If the perishable son of time has produced an imperishable work, how short his own life seems compared with that of his child! He is like Semela or Maia—a mortal mother who gave birth to an immortal son; or, contrarily, he is like Achilles in regard to Thetis. What a contrast there is between what is fleeting and what is permanent! The short span of a man’s life, his necessitous, afflicted, unstable existence, will seldom allow of his seeing even the beginning of his immortal child’s brilliant career; nor will the father himself be taken for that which he really is. It may be said, indeed, that a man whose fame comes after him is the reverse of a nobleman, who is preceded by it.
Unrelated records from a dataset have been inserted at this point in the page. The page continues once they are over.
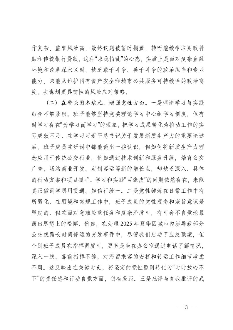 标题:通用领导班子2025年民主生活会五个带头对照检查材料
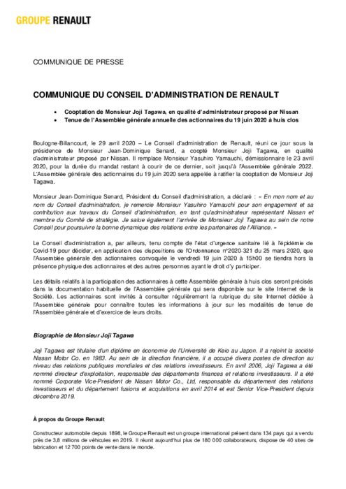 Le Conseil d’administration de Renault, réuni ce jour sous la présidence de Monsieur Jean-Dominique Senard, a coopté Monsieur Joji Tagawa, en qualité d’administrateur proposé par Nissan. Il remplace Monsieur Yasuhiro Yamauchi, démissionnaire le 23 avril 2020, pour la durée du mandat restant à courir de ce dernier, soit jusqu’à l’Assemblée générale 2022. L’Assemblée générale des actionnaires du 19 juin 2020 sera appelée à ratifier la cooptation de Monsieur Joji Tagawa.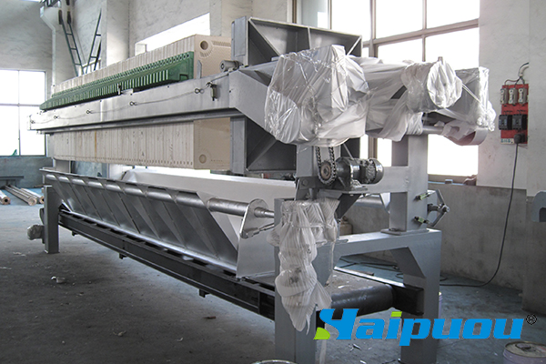 工作原理:在密閉的狀態下,經過高壓泵打入的污泥經過板框的擠壓,使污泥內的水通過濾布排出,達到脫水目的。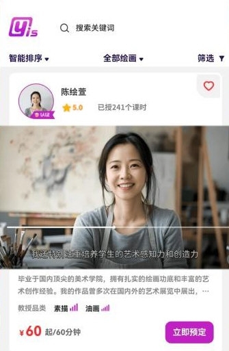 面对丰富的艺术品类与众多经验丰富的老师,Yis提供大量课程与教师资源,助您快速体验并找到心仪的艺术方向。课程与教师信息透明,具备实名认证与作品展示,让选择更踏实。

However, the only difference that it ultimately makes to a man to receive his fame at the hands of contemporaries rather than from posterity is that, in the former case, his admirers are separated from him by space, and in the latter by time. For even in the case of contemporary fame, a man does not, as a rule, see his admirers actually before him. Reverence cannot endure close proximity; it almost always dwells at some distance from its object; and in the presence of the person revered it melts like butter in the sun. Accordingly, if a man is celebrated with his contemporaries, nine-tenths of those amongst whom he lives will let their esteem be guided by his rank and fortune; and the remaining tenth may perhaps have a dull consciousness of his high qualities, because they have heard about him from remote quarters. There is a fine Latin letter of Petrarch’s on this incompatibility between reverence and the presence of the person, and between fame and life. It comes second in his Epistolae familiares?[1] and it is addressed to Thomas Messanensis. He there observes, amongst other things, that the learned men of his age all made it a rule to think little of a man’s writings if they had even once seen him.
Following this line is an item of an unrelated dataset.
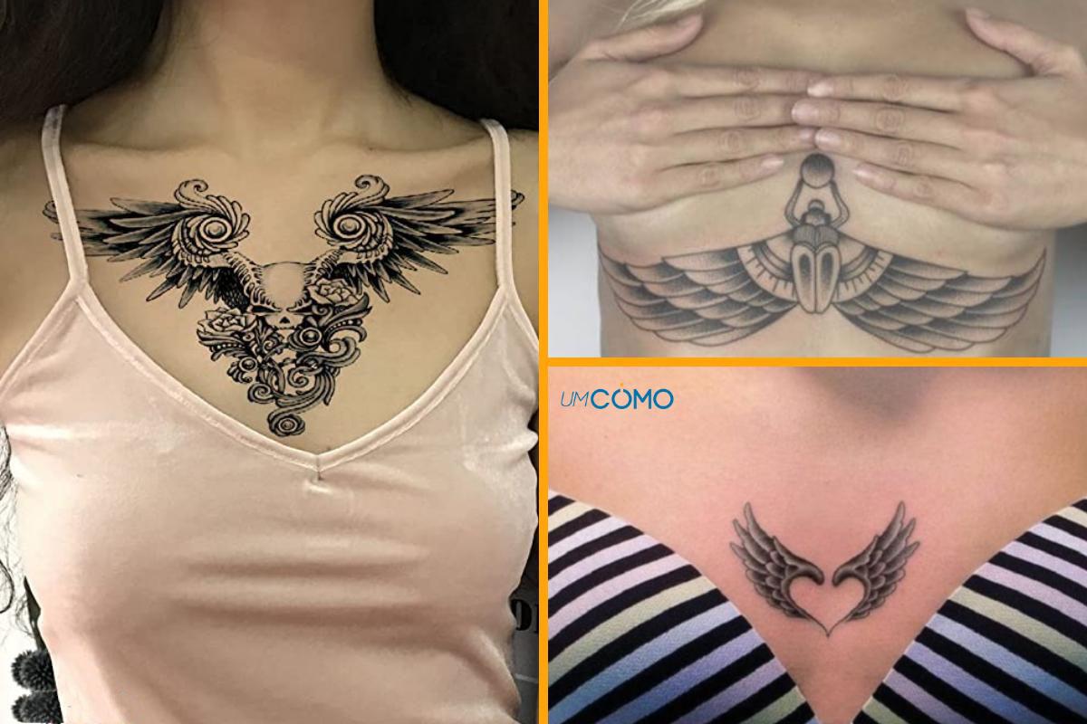 Outra boa opção, é fazer duas asas no decote acima ou abaixo, que funcionam como um contorno do seu peito, para realçá-lo e destacá-lo. Se você está procurando por tatuagens femininas sexy, essa é a ideia perfeita. Além disso, você pode misturar as asas com outros elementos, ou tatuar personagens ou símbolos que incorporam asas, como os pássaros que falamos antes, mas também outros animais, como insetos, ou mesmo deuses.

[Footnote 1: In the Venetian edition of 1492.]
Since distance, then, is essential if a famous man is to be recognized and revered, it does not matter whether it is distance of space or of time. It is true that he may sometimes hear of his fame in the one case, but never in the other; but still, genuine and great merit may make up for this by confidently anticipating its posthumous fame. Nay, he who produces some really great thought is conscious of his connection with coming generations at the very moment he conceives it; so that he feels the extension of his existence through centuries and thus lives with posterity as well as for it. And when, after enjoying a great man’s work, we are seized with admiration for him, and wish him back, so that we might see and speak with him, and have him in our possession, this desire of ours is not unrequited; for he, too, has had his longing for that posterity which will grant the recognition, honor, gratitude and love denied by envious contemporaries.